Work required:
Without including pictures, set down every record exactly as it stands.

Study material:
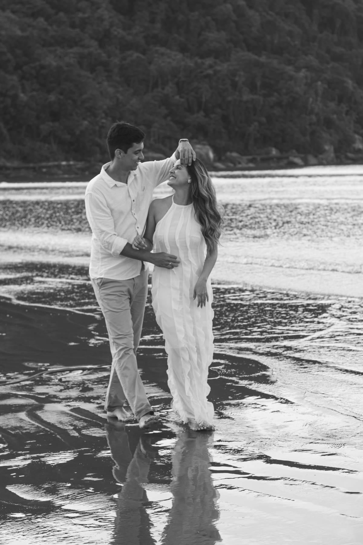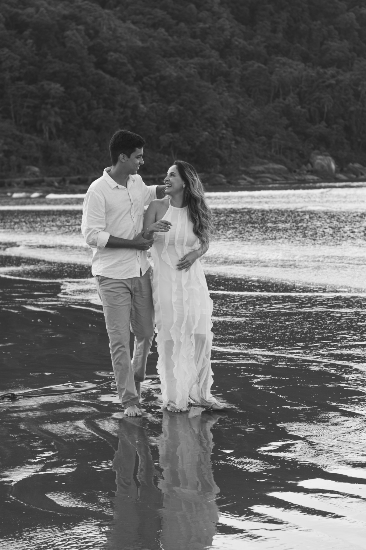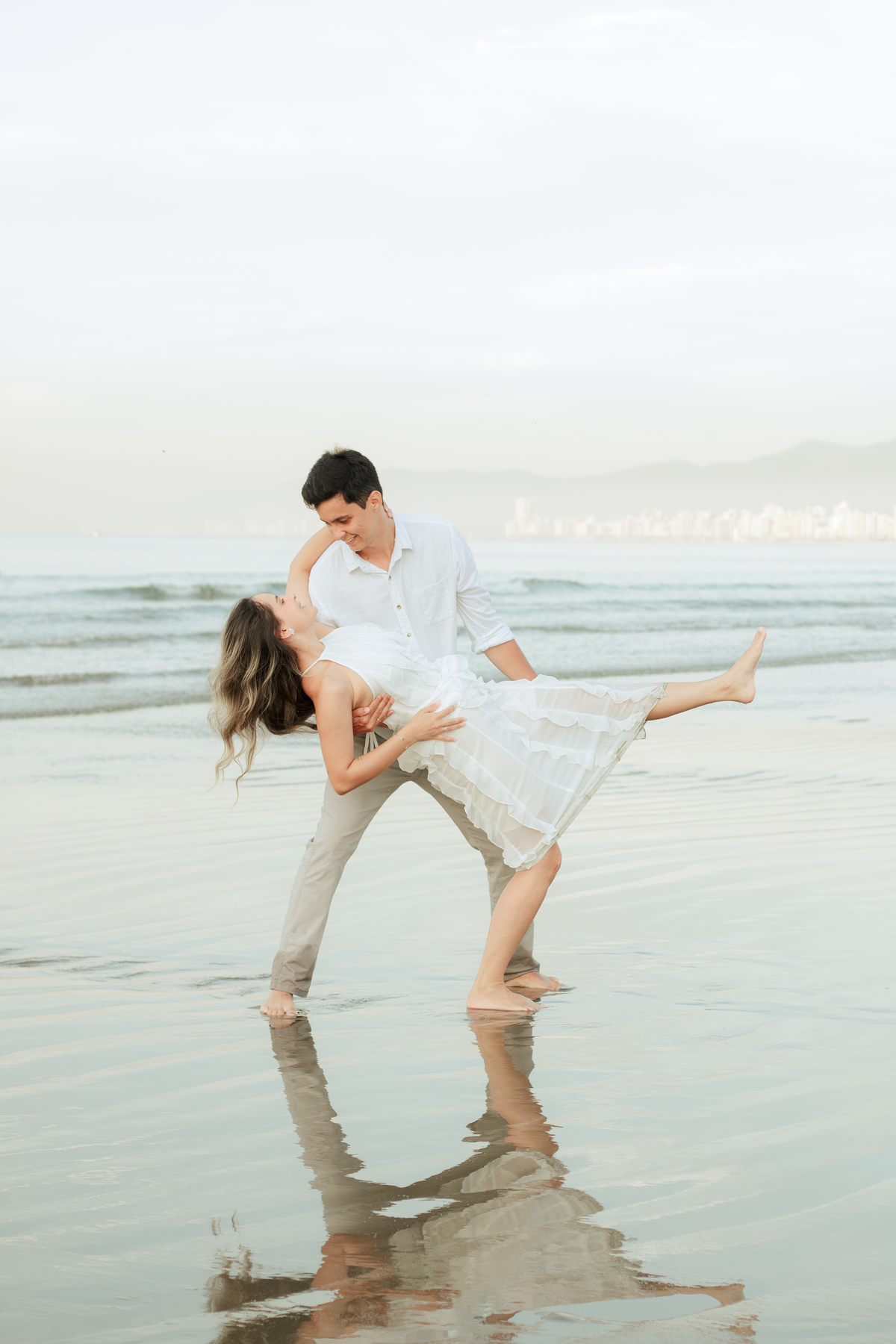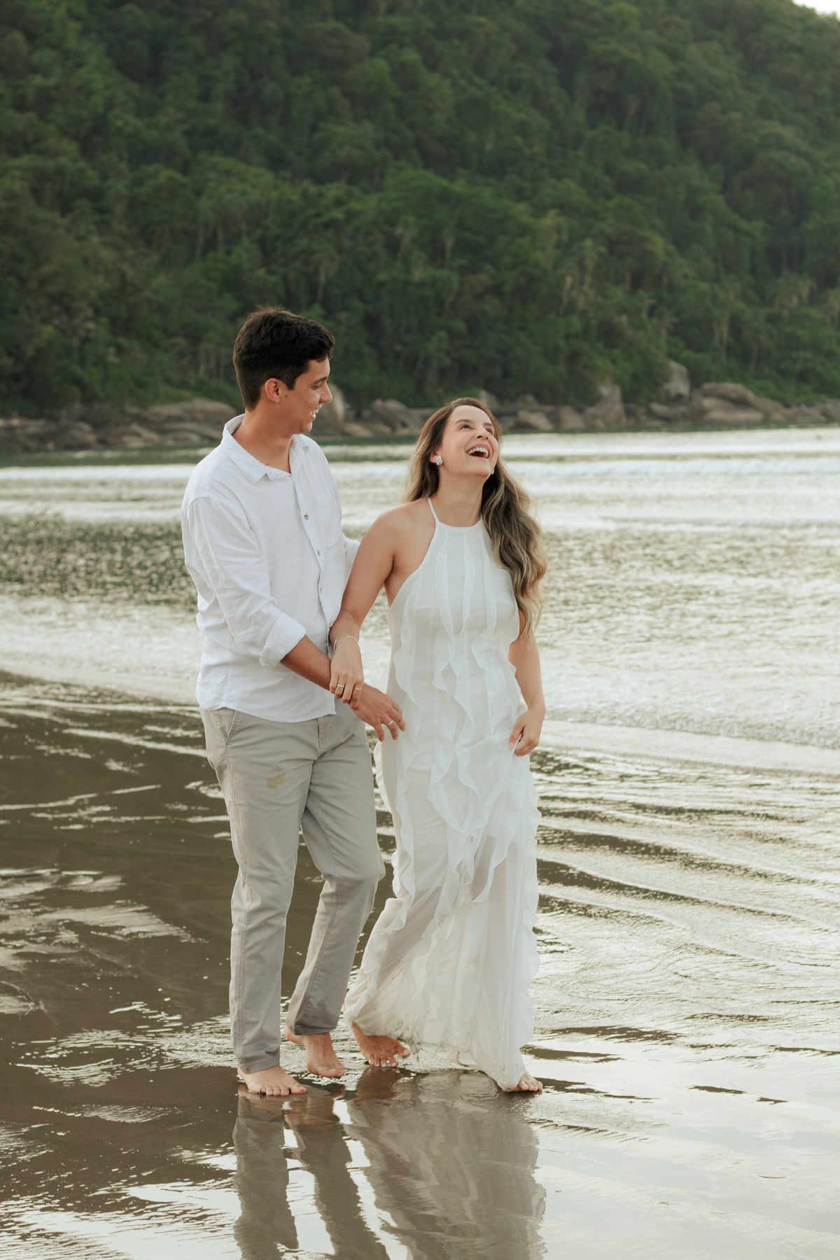 Esse tipo de ensaio pré wedding na praia permite que o casal viva o momento com mais calma, menos movimento e mais conexão, criando fotos naturais e cheias de significado.
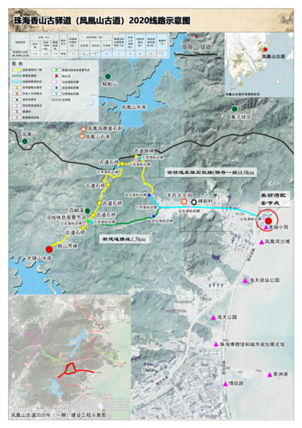 2020年香山古道(珠海鳳凰山段)列入南粵古驛道新增重點線路,年度約束性任務(wù)包括古道本體修復(fù)、連接線建設(shè)、古橋遺存修復(fù)、古驛道標(biāo)識設(shè)施安裝、沿線休息觀景節(jié)點提升等,現(xiàn)正在重點推進(jìn)鳳凰山段一期建設(shè),通過修復(fù)5公里古道本體,以及建設(shè)8.5公里懸空平臺、空中棧道、吊索浮橋等多種形式的古驛道山地連接線,并結(jié)合紅花山森林公園建設(shè),串聯(lián)起沿線歷史文化資源點、公共游憩空間、旅游景點及美麗鄉(xiāng)村,打造鳳凰山歷史文化游徑,構(gòu)建鳳凰山休閑步道,形成珠海山海觀光帶,成為珠海“山、海、城”休閑慢行網(wǎng)絡(luò)體系重要一環(huán)。
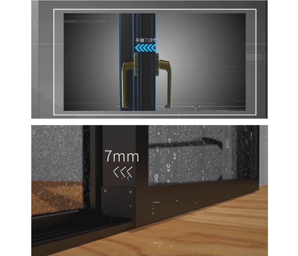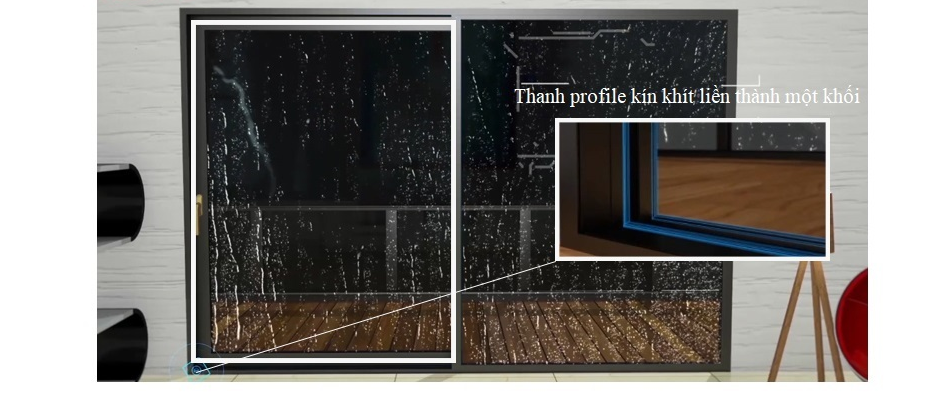Thông qua thao tác tay nắm, cánh lùa sẽ di chuyển 7mm ép vào cánh cố định, từ đó thực hiện ép toàn bộ gioăng bao xung quanh hệ thống khóa lại, để cửa thực hiện chức năng kín khó, kín nước, và cách âm tối ưu, đạt hiệu quả kín khít cao.
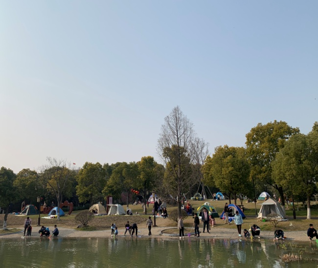 梅花怒放、玉兰含苞、杨柳吐绿、迎春绽放,无限春光引来游人如织,在公园里处处洋溢着欢声笑语,春日美景让游客流连忘返。儿童戏水区挖沙、戏水、露营、野餐等亲子游戏,处处呈现一派欢乐和睦的景象。
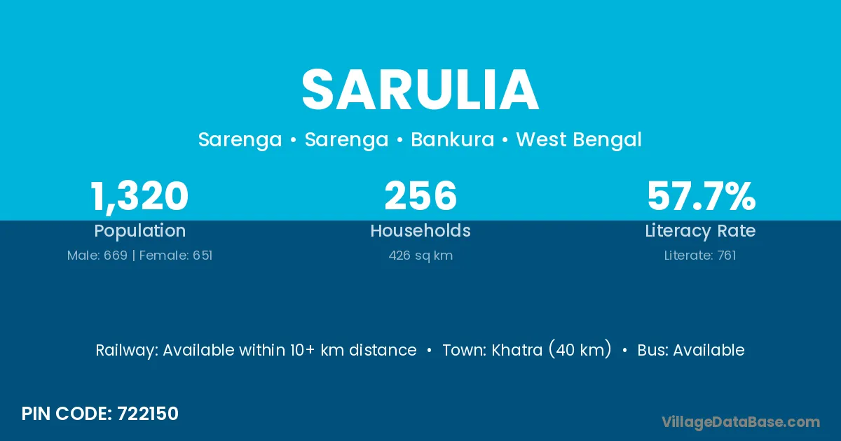 According to Census 2011 information, the village code of Sarulia village is 713128.
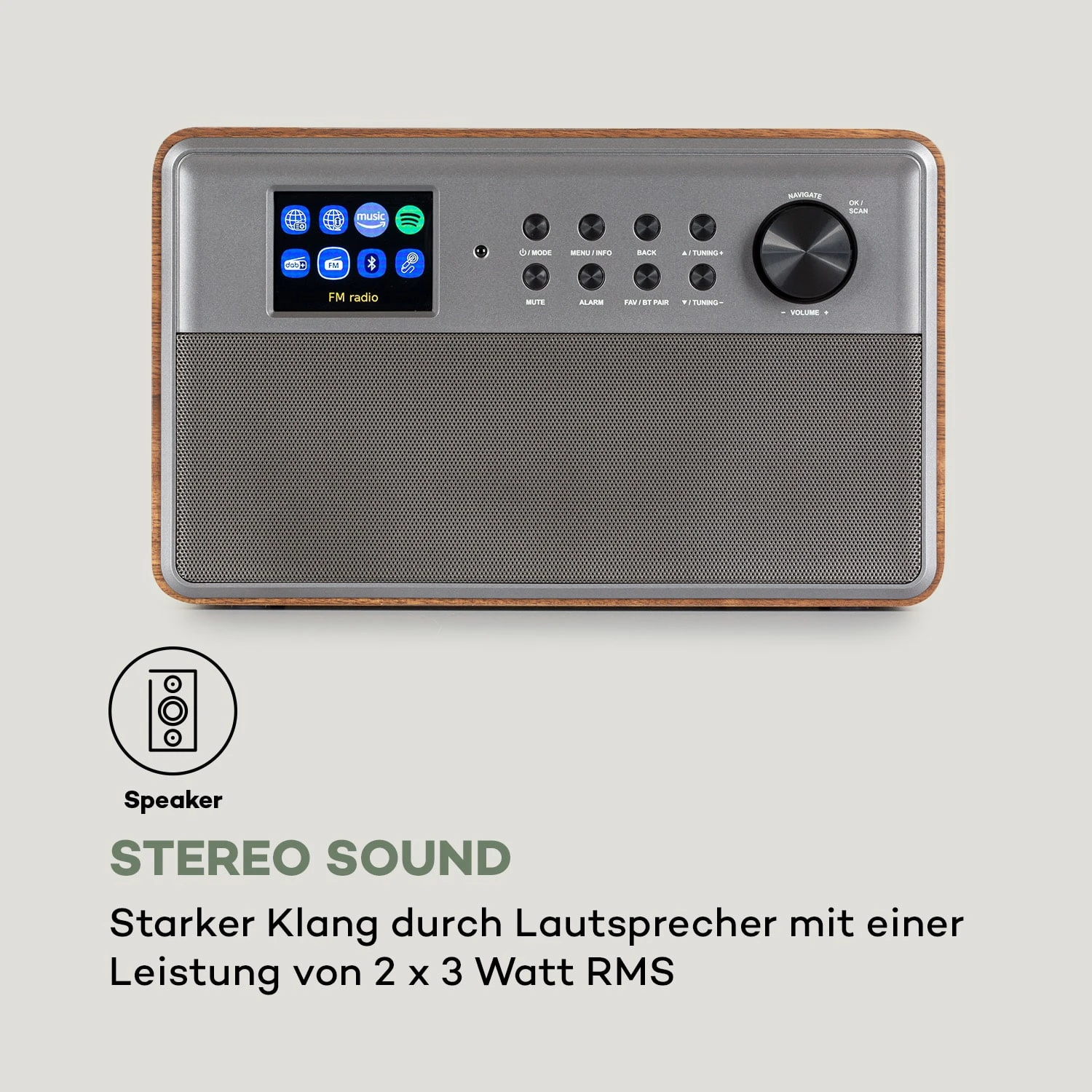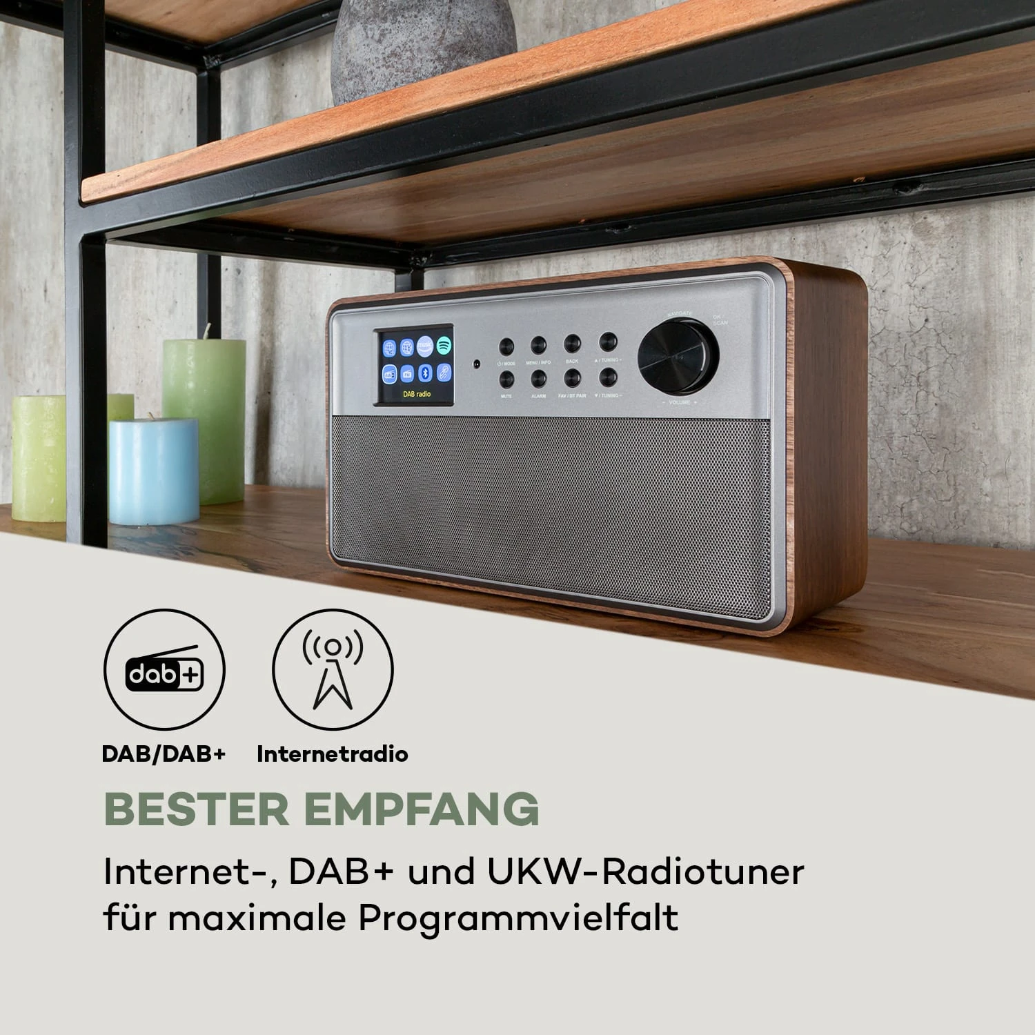 Komme mit dem auna Connect Link in den Genuss eines leistungsfähigen, eleganten und hochwertigen Smart Radios, das dank Spotify Connect und Amazon Music für ein unendliches Streaming-Vergnügen sorgt.
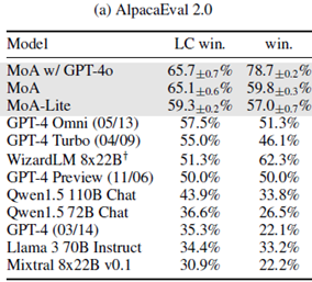 MoAw/ GPT-4oは、以前のトップであったGPT-4 Omniより 8.2point も精度が
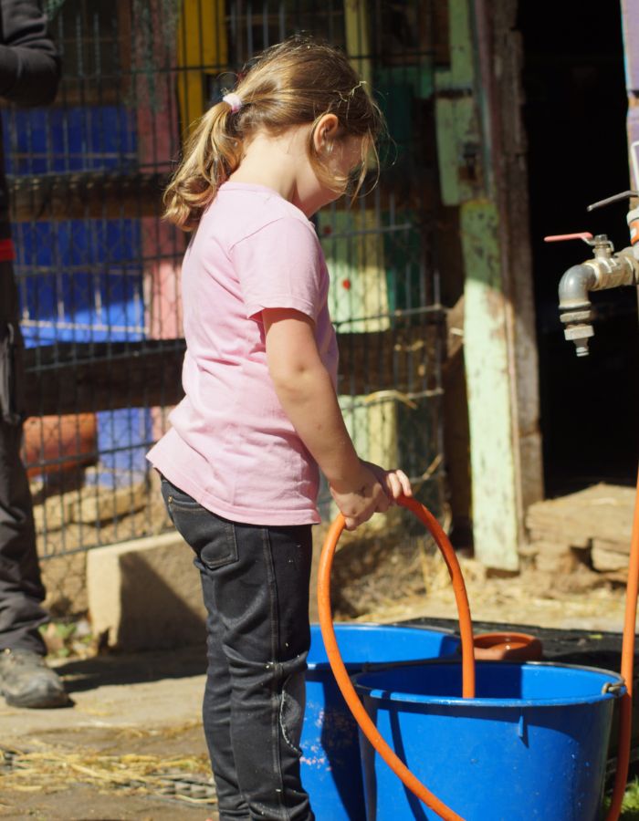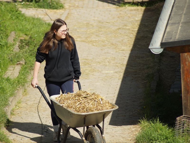 Bevor es losgeht, möchten die Tiere noch von euch versorgt werden. Bei jedem Wetter werden die Ställe gemistet, eingestreut, das Futter vorbereitet und verteilt, die Tiere geputzt – dann wählt ihr gemeinsam eine Aktivität mit den Tieren, in Absprache mit uns und angepasst an die aktuellen Bedürfnisse der Tiere. Bitte achtet darauf auch auf passende Kleidung – bedeutet Festes Schuhwerk ist Pflicht!

Exercise answer:
 Esse tipo de ensaio pré wedding na praia permite que o casal viva o momento com mais calma, menos movimento e mais conexão, criando fotos naturais e cheias de significado.
 2020年香山古道(珠海鳳凰山段)列入南粵古驛道新增重點線路,年度約束性任務(wù)包括古道本體修復(fù)、連接線建設(shè)、古橋遺存修復(fù)、古驛道標(biāo)識設(shè)施安裝、沿線休息觀景節(jié)點提升等,現(xiàn)正在重點推進(jìn)鳳凰山段一期建設(shè),通過修復(fù)5公里古道本體,以及建設(shè)8.5公里懸空平臺、空中棧道、吊索浮橋等多種形式的古驛道山地連接線,并結(jié)合紅花山森林公園建設(shè),串聯(lián)起沿線歷史文化資源點、公共游憩空間、旅游景點及美麗鄉(xiāng)村,打造鳳凰山歷史文化游徑,構(gòu)建鳳凰山休閑步道,形成珠海山海觀光帶,成為珠海“山、海、城”休閑慢行網(wǎng)絡(luò)體系重要一環(huán)。
Thông qua thao tác tay nắm, cánh lùa sẽ di chuyển 7mm ép vào cánh cố định, từ đó thực hiện ép toàn bộ gioăng bao xung quanh hệ thống khóa lại, để cửa thực hiện chức năng kín khó, kín nước, và cách âm tối ưu, đạt hiệu quả kín khít cao.
 梅花怒放、玉兰含苞、杨柳吐绿、迎春绽放,无限春光引来游人如织,在公园里处处洋溢着欢声笑语,春日美景让游客流连忘返。儿童戏水区挖沙、戏水、露营、野餐等亲子游戏,处处呈现一派欢乐和睦的景象。
 According to Census 2011 information, the village code of Sarulia village is 713128.
 Komme mit dem auna Connect Link in den Genuss eines leistungsfähigen, eleganten und hochwertigen Smart Radios, das dank Spotify Connect und Amazon Music für ein unendliches Streaming-Vergnügen sorgt.
 MoAw/ GPT-4oは、以前のトップであったGPT-4 Omniより 8.2point も精度が
 Bevor es losgeht, möchten die Tiere noch von euch versorgt werden. Bei jedem Wetter werden die Ställe gemistet, eingestreut, das Futter vorbereitet und verteilt, die Tiere geputzt – dann wählt ihr gemeinsam eine Aktivität mit den Tieren, in Absprache mit uns und angepasst an die aktuellen Bedürfnisse der Tiere. Bitte achtet darauf auch auf passende Kleidung – bedeutet Festes Schuhwerk ist Pflicht!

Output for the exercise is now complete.